End Of Paradise
Hétköznapi Túlélö
|
|
|
Ein ziemlich gezacktes Bandlogo, ein Gasmaskenträger vor einer trostlosen Industrielandschaft inclusive Autowrack und Kraftwerkskühltürmen im Hintergrund sowie der Umstand, dass Sänger Attila Feltein den Spitznamen „Zombi“ mit sich herumträgt, lassen eigentlich auf recht heftige Musik schließen. Die ersten 20 Sekunden des Openers „A Szabadság Ébredése“ bringen allerdings traditionellen Metal mit einem markanten Leadgitarrenthema über treibend-lockerem Drumrhythmus zu Gehör, und als nach besagten 20 Sekunden „Zombi“ zu singen beginnt, ist klar, dass auch die anhand des bisherigen Instrumentalteils noch im Bereich des Möglichen befindlich gewesene Abdriftung in Richtung melodischen Death Metals göteborgiger Prägung nicht stattfindet: End Of Paradise entpuppen sich auf diesem ihrem vierten Release und zweiten vollständigen Album als Traditionalisten im Grenzbereich zwischen klassischem Hardrock und Melodic Metal, und da der Rezensent weder das Debütalbum Ne Add Fel noch eine der beiden EPs besitzt und auch das allerneueste Album A Kiválasztott noch nicht in seinem Player rotiert ist, kann er nicht beurteilen, ob die Formation aus Székesféhervár auch auf ihren anderen Releases so klingt bzw. ob es irgendwelche Entwicklungen in bestimmte Richtungen gegeben hat.

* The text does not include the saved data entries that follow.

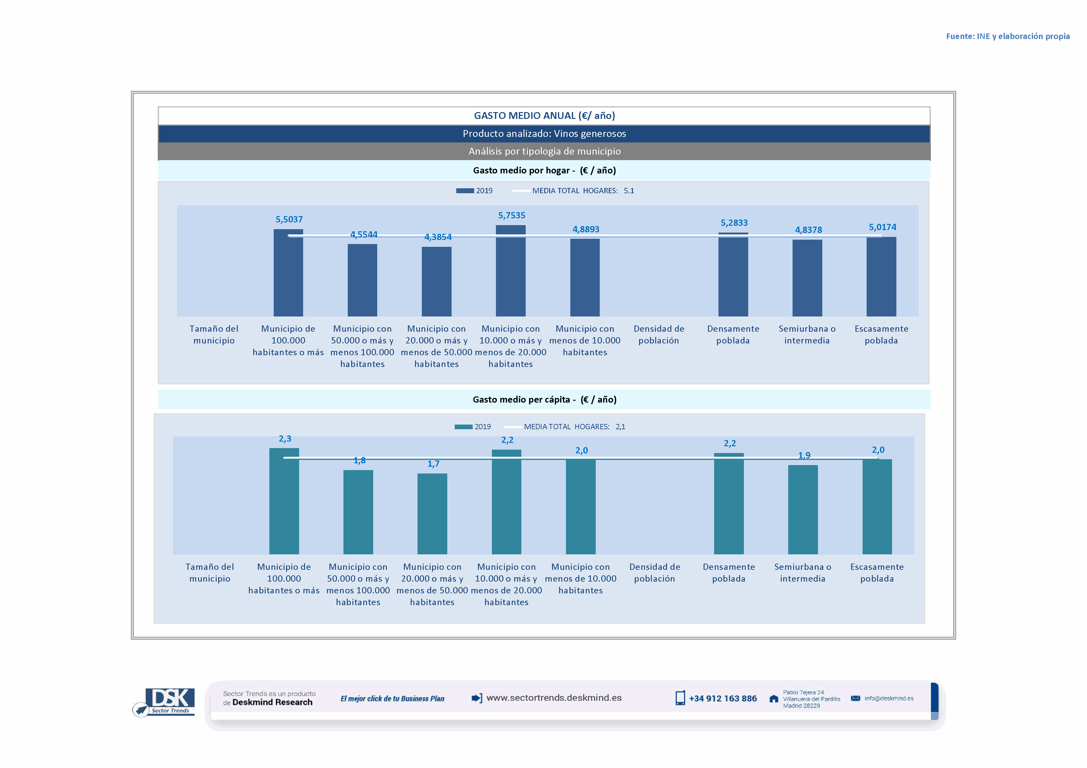 Infografía gasto medio por tamaño de hábitat de Vinos generosos
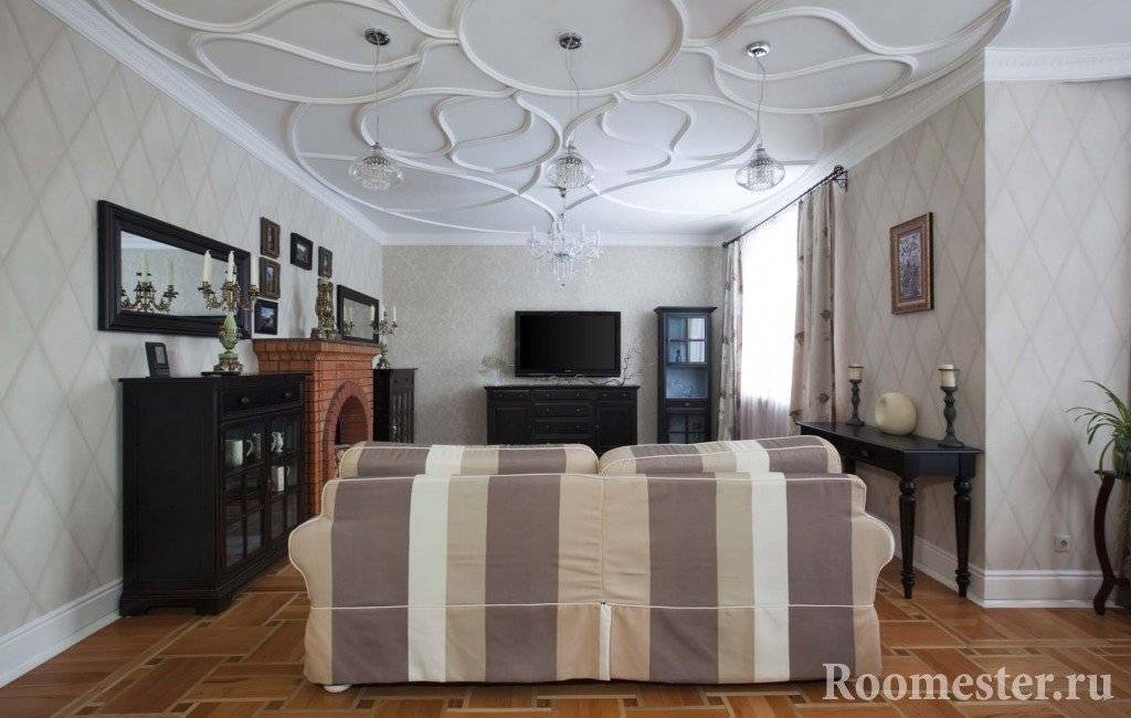 Лепнина придает интерьеру гостиной уютный классический стиль, стены выглядят более интересными и сложными
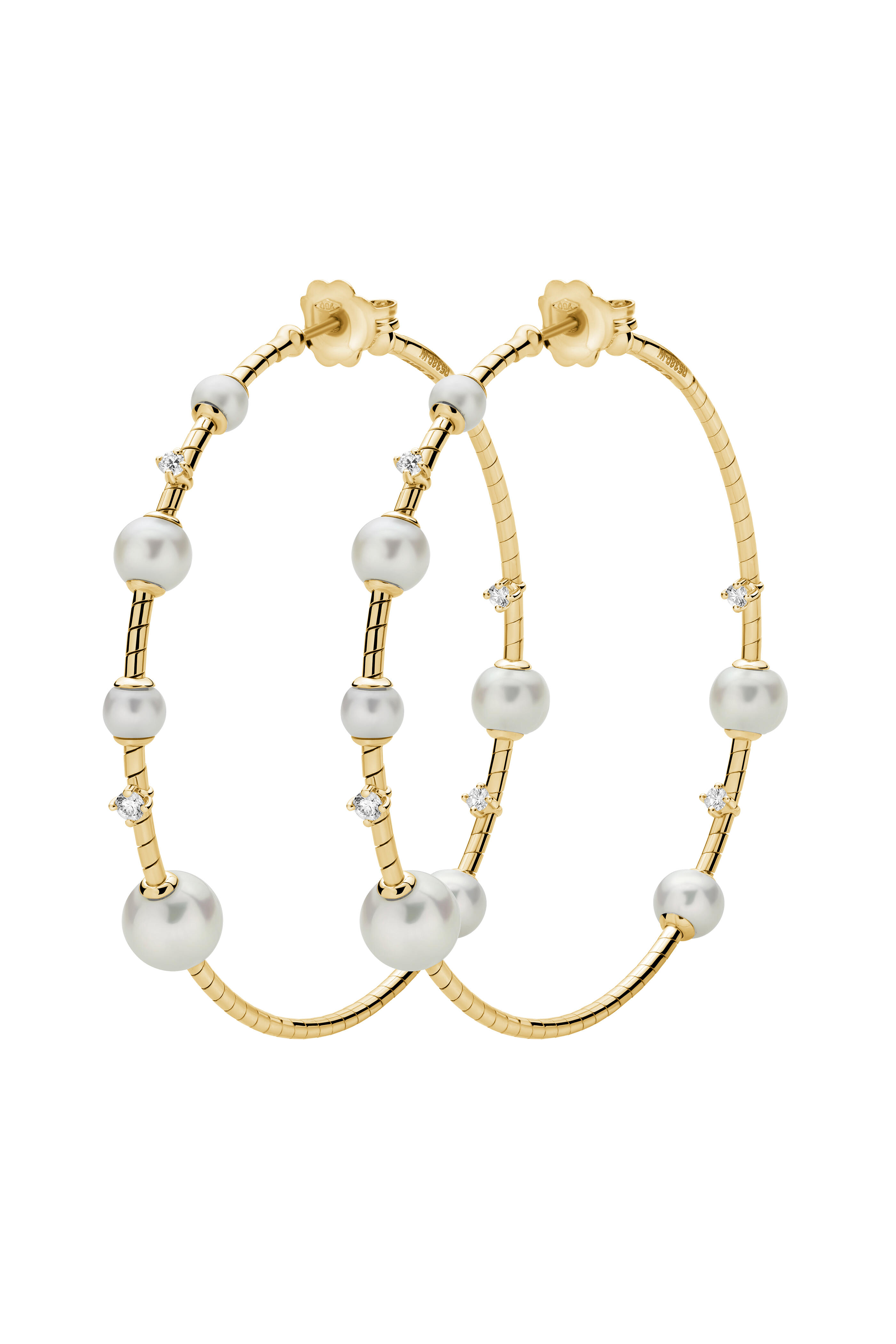 18k Yellow Gold. Pearl. 0.26 ct Diamond (G/VS). 2".
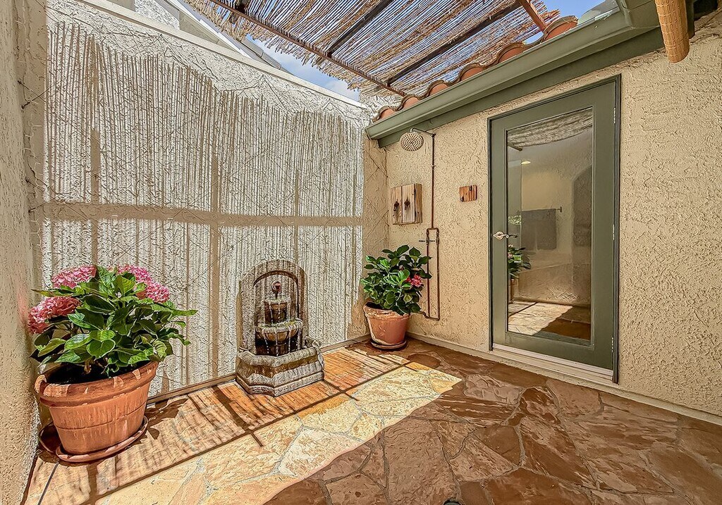 This beautiful 1 story fully furnished Spanish style hacienda in Westlake Village is move-in ready. It has direct access to a private, gated greenbelt which opens to the lake. This home is filled with natural woods and stone throughout. Three peaceful fountains provide a sense of serenity and tranquility. Enjoy a backyard with a covered Bamboo lounge area with edible grapes growing overhead, a sun patio with lake views and a built in BBQ and fire pit. Hiking and biking trails and great shopping and dining are all within walking distance. There are three very nice bedrooms with comfy beds and soft linens. One of the bedrooms is set up as an office with a loft that sleeps three. The primary bedroom has a bathroom with a jacuzzi tub and separate rain shower. This bath also leads to a private enclosed outdoor atrium with a hot/cold rain shower. This home is light and bright, newly painted and has cozy furnishings and decor. Dogs are welcome and can enjoy a run in the large and private gated greenbelt. Prime location with excellent schools. Come take a tour of your new home! While the rent does not include utilities such as gas, electricity, trash collection or water, this home provides the canvas for personalized living. Don't miss out on this fantastic opportunity! Schedule a viewing today and make this charming property your own.
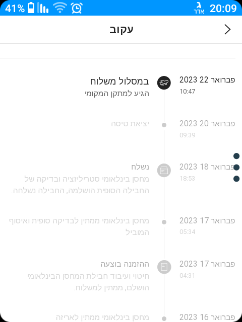 תבדקי באתר חברת המשלוחים איפה זה עומד
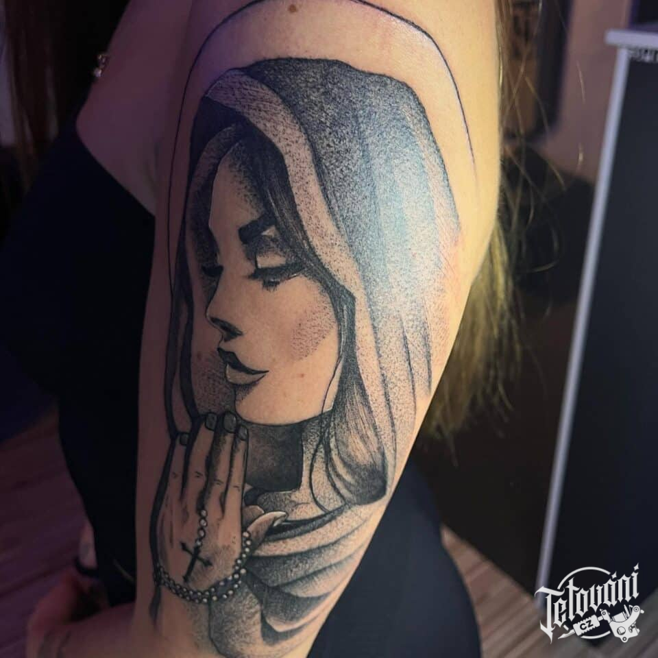 Tetování žena, ruce a růženec na rameni
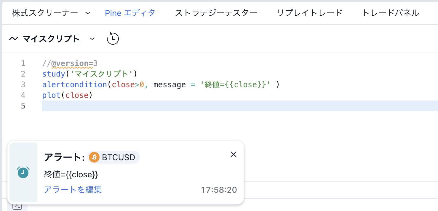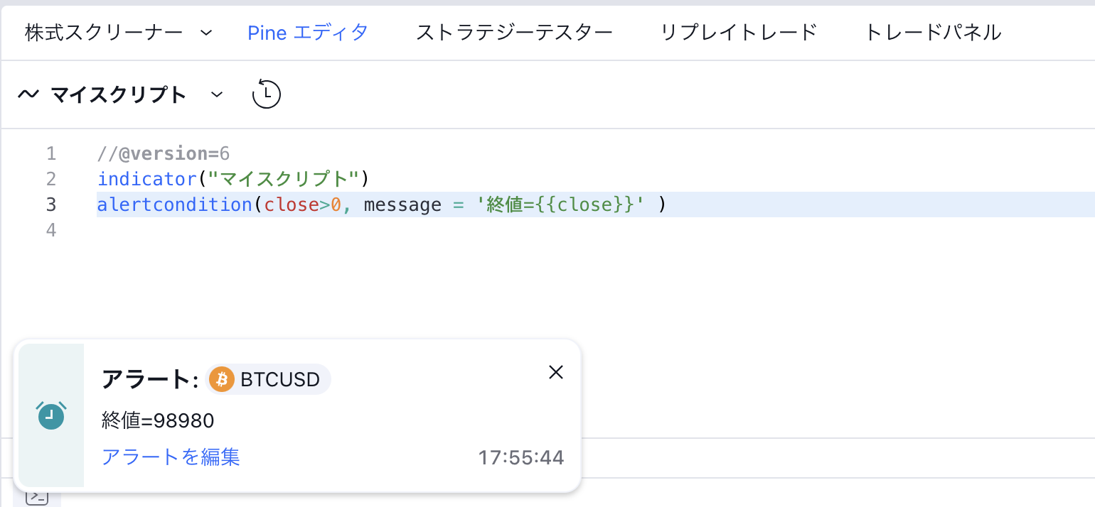 alertcondition()関数の値の置換機能は、Pine v4以降で作成されたスクリプトでのみ機能します。アラートがトリガーされた時にメッセージ欄の変数が値に置き換えられない場合(例えば「Close = 45.1」といった形式ではなく「Close = {{close}}」と変数のまま表示される場合)、そのalertcondition()を利用したインジケーターが以前のバージョンのPineで書かれている為、変数の置換が機能しないと考えられます。
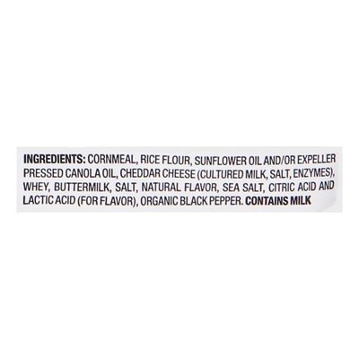 INGREDIENTS: Cornmeal, Rice Flour, Sunflower Oil and/or Expeller Pressed Canola Oil, Cheddar Cheese (Cultured Milk, Salt, Enzymes), Whey, Buttermilk, Salt, Natural Flavor, Sea Salt, Citric Acid and Lactic Acid (for Flavor), Organic Black Pepper.
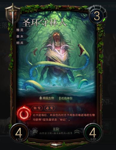 第三个点在于如何叠标,暗面妨碍的效果是对每个有标记的敌人减少攻击力(已知bug是有标记的骷髅在部队里面会显示减少两攻,非部队情况下仅减少一攻),因此手上持有暗面妨碍者的情况可以先手下344守林人。而打标射手赫萝攻击的是最上方的标记,因此最大化输出是黎亚加部队往上面叠双标,但是值得注意的是如果对方先下的部队的话,在部队上面叠的标作为英雄携带部队后是不受到赫萝攻击加成的。
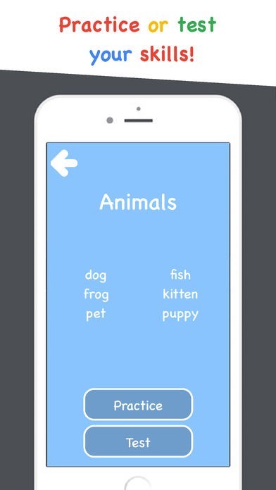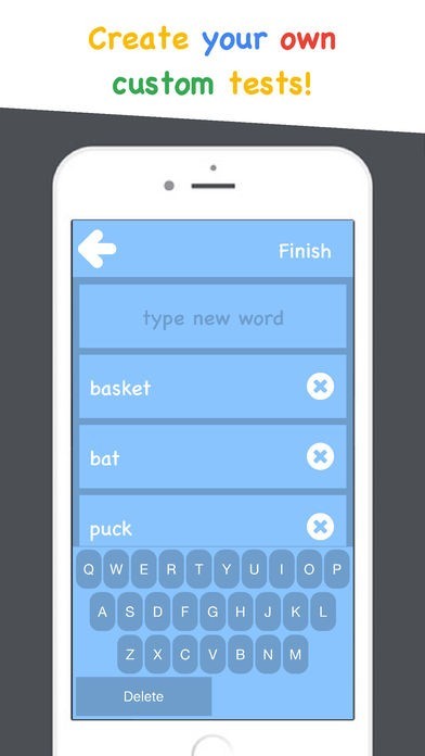 App Storeより引用Create your own test for practice or use any of our 120+ tests to practice certain categories. Each word is spoken aloud using Siri, so even your custom tests can be spoken! With 4 colors and a light black background to choose from learning how to spell has never been so colorful!
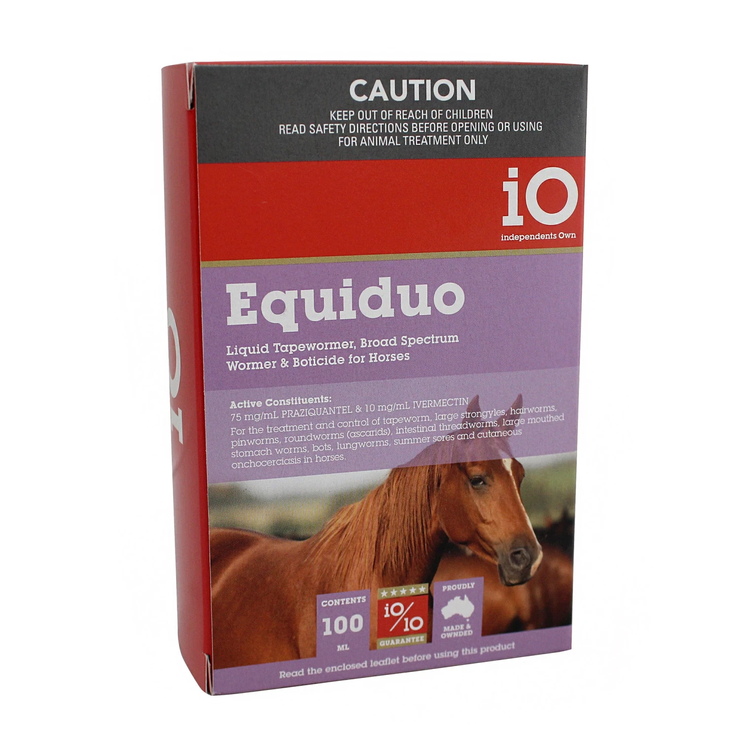 iO Equiduo (Ivermectin and Praziquantel) has been formulated for administration by oral drench or stomach tube (nasogastric intubation). One low-volume dose is effective against important internal parasites, including tapeworms and the arterial stages of Strongylus vulgaris, and bots.
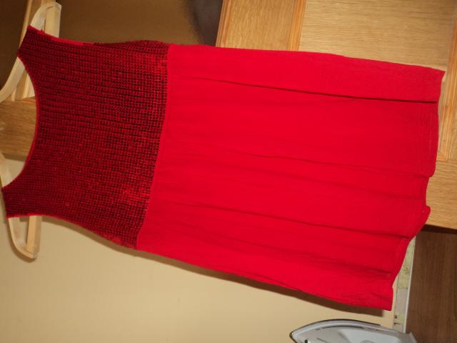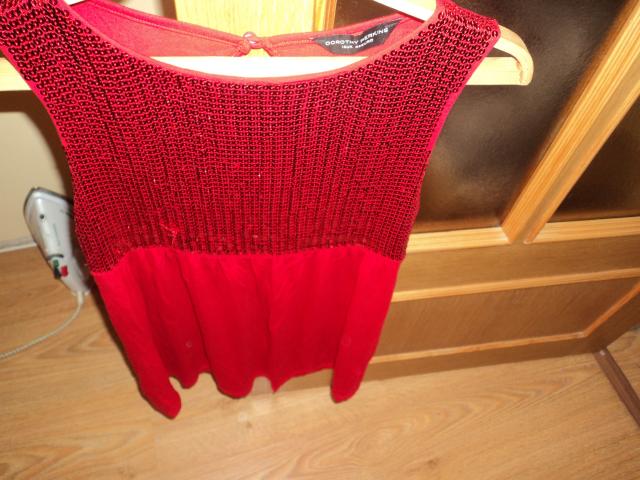 Su raudonais žvineliais palaidinė išmera Rašo 12 uk 40 euro manau puikiai tiktu ir kas nešioja M , nes nuo pilvo plateja.
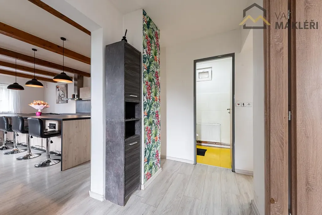 Dominantou domu je prostorný obývací pokoj s kuchyňským koutem a jídelním prostorem. Nová kuchyňská linka je vybavena moderními spotřebiči a doplněna o velký kuchyňský ostrůvek s barovým sezením.

Konzentrieren wir uns also auf die knapp 44 Minuten Musik, die uns Hétköznapi Túlélö offeriert. Die beiden markanten Merkmale des dort zu erkennenden Bandstils sind bereits angeklungen. Da wäre zum einen „Zombis“ Gesang – der Mann führt eine etwas angerauhte Rockröhre ins Feld, die ein ganz klein wenig an einen weniger extrem kreischigen und etwas geerdeteren Tom Keifer erinnert und zugleich noch an einen anderen Sänger, den der Rezensent in seinem musikalischen Gedächtnis aber aktuell nicht zuordnen kann. Dass „Zombi“ am Beginn des abermals flott beginnenden, in den Refrainpassagen aber in einen seltsamen Galopprhythmus schaltenden „A Rendszer Hálójában“ einen Kreischlaut losläßt, als habe ihn gerade einer seiner Spitznamensvetter am Gemächt gepackt, bleibt eine Ausnahmeerscheinung und das doublebassunterlegte frenetische Gitarrensolo dieses Songs der härteste Moment der Platte. Damit wären wir auch schon beim zweiten Faktor: Gitarrist László István Tóth begnügt sich nicht damit, saubere Rhythmusgitarren und starke Soli zu spielen, er hängt auch an viele Passagen noch Melodiegirlanden, wie er es bereits in den genannten ersten 20 Sekunden des Openers „A Szabadság Ébredése“ getan hat und wie das in ähnlicher Weise etwa Vinny Burns auf dem bis heute stärksten unter den dem Rezensenten bekannte Ten-Alben, Babylon, in archetypischer Weise pflegte. Der hatte allerdings einen Zweitgitarristen und auch noch einen Keyboarder zur Seite, lief also live nirgendwo Gefahr, etwaige Soundlöcher zu induzieren – wie End Of Paradise dieser Gefahr begegnen, muß derjenige beurteilen, der die Band im Gegensatz zum Rezensenten schon mal auf der Bühne erlebt hat. Vielleicht greift dort Tamás Munkácsi ins Geschehen ein, der auf dem Album nur gasthalber ein Solo zu „Idöben Létezni“ beigesteuert hat, oder Co-Produzent Zoltán Cserfalvi entstaubt seinen Sechssaiter mal wieder, von dem man seit den ersten Ossian-Alben nach der Spätneunziger-Reunion, als er neben Richard Rubscics als zweiter Gitarrist agierte, bis er vor dem Titkos Ünnep-Werk durch Attila Wéber ersetzt wurde, nur noch wenig gehört hat, was über die ungarischen Landesgrenzen hinausgedrungen wäre.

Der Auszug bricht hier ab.